There was one on University Blvd(193) just past the original Ledo's.


----------



## Kyle

Grumpy said:


> There was one on University Blvd(193) just past the original Ledo's.


Dont remember that one. Must be a couple years before my time around there.


----------



## spr1975wshs

One missed here is Cub Foods, we shopped the one a little north of us in Beloit WI when we lived in the village of Rockton, IL.
It was the last Wisconsin store and closed in 2012.

The 3 biggest in my home town were A&P, First National (later known as Finast) and Stop & Shop. Only S&S still exists under the Dalhazie (sic) Group as a sister company to Giant.


----------



## Monello

Growing up in NJ, it was Grand Union, A & P and Shop Rite.  Shop Rite is still there and open in its' original location.


----------



## spr1975wshs

Monello said:


> Grand Union


I'd forgotten about them, had one near the college I went to in Vermont in the late 70's.
Grand Union beer was $0.69 a six-pack.


----------



## TPD

Wasn’t there a Grand Union in Lexington Park?


----------



## GURPS




----------



## gemma_rae

GURPS said:


>



That looks like me shopping!


----------



## stgislander

South Cumberland had A&P and Acme within a mile of each other.  Most of the others I remember were Mom and Pop places.


----------



## Clem72

RoseRed said:


> I remember Alpha Beta in California.


That's where this was, just a little ways north of San Fransisco.  We also had a Safeway and a Petrini's, though no one I knew was fancy enough to shop in Petrini's. It was literally a grocery store that caters to the wealthy and their butcher cost 10x what the normal grocery stores cost.


----------



## RoseRed

Clem72 said:


> That's where this was, just a little ways north of San Fransisco.  We also had a Safeway and a Petrini's, though no one I knew was fancy enough to shop in Petrini's. It was literally a grocery store that caters to the wealthy and their butcher cost 10x what the normal grocery stores cost.


Mine was in Mountain View.  I do remember Petrini's!


----------



## gemma_rae

stgislander said:


> South Cumberland had A&P and Acme within a mile of each other.  Most of the others I remember were Mom and Pop places.


I figured you for Food Land in Grantsville.


----------



## stgislander

gemma_rae said:


> I figured you for Food Land in Grantsville.

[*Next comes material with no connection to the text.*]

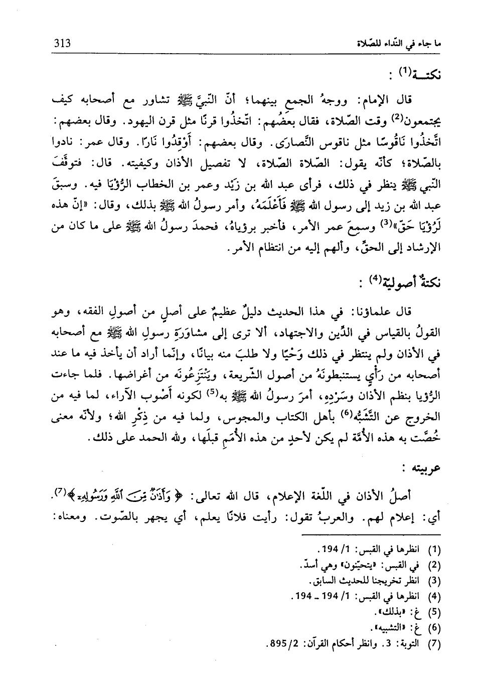 قال الإمام: ووجهُ الجمعِ بينهما؛ أنّ النّبىَّ - صلّى الله عليه وسلم - تشاور مع أصحابه كيف يجتمعون (¬2) وقت الصّلاة، فقال بعضُهم: اتّخذُوا قرنًا مثل قرن اليهود. وقال بعضهم: اتَّخذُوا نَاقُوسًا مثل ناقوس النَّصارَى. وقال بعضهم: أَوْقِدُوا نَارًا. وقال عمر: نادوا بالصّلاة؛ كانّه يقول: الصّلاة الصّلاة، لا تفصيل الأذان وكيفيته. قال: فتوقَّفَ النّبي - صلّى الله عليه وسلم - ينظر في ذلك، فرأى عبد الله بن زَيْد وعمر بن الخطّاب الرُّؤيَا فيه. وسبقَ عبد الله بن زيد إلى رسول الله - صلّى الله عليه وسلم - فَأَعْلَمَهُ، وأمر رسولُ الله - صلّى الله عليه وسلم - بذلك، وقال: "إنّ هذه لَرُؤيَا حَقّ" (¬3) وسمعَ عمر الأمر، فأخبر برؤياهُ، فحمدَ رسولُ الله - صلّى الله عليه وسلم - على ما كان من الإرشاد إلى الحقِّ، وألهم إليه من انتظام الأمر.

Too far to drive.  I guess they were a chain too since there were a couple around the county.  They all became IGA at some point.


----------



## gemma_rae

stgislander said:


> Too far to drive.  I guess they were a chain too since there were a couple around the county.  They all became IGA at some point.


It's closed now. Became a Shop 'n Save.


----------



## stgislander

gemma_rae said:


> It's closed now. Became a Shop 'n Save.


The Acme became a Mor For Less which is now closed, and the A&P became a Save-A-Lot. which is still open thankfully.


----------



## Loper

RoseRed said:


> Mine was in Mountain View.  I do remember Petrini's!


Commissary at Moffett Field


----------



## Kinnakeet

GURPS said:


>



Love the old cars to bad the whole Super Bee was not filmed


----------



## PeoplesElbow

I liked BiLo, which I think still exist in the south. I liked them mostly because I worked at Kroger at the time lol.


----------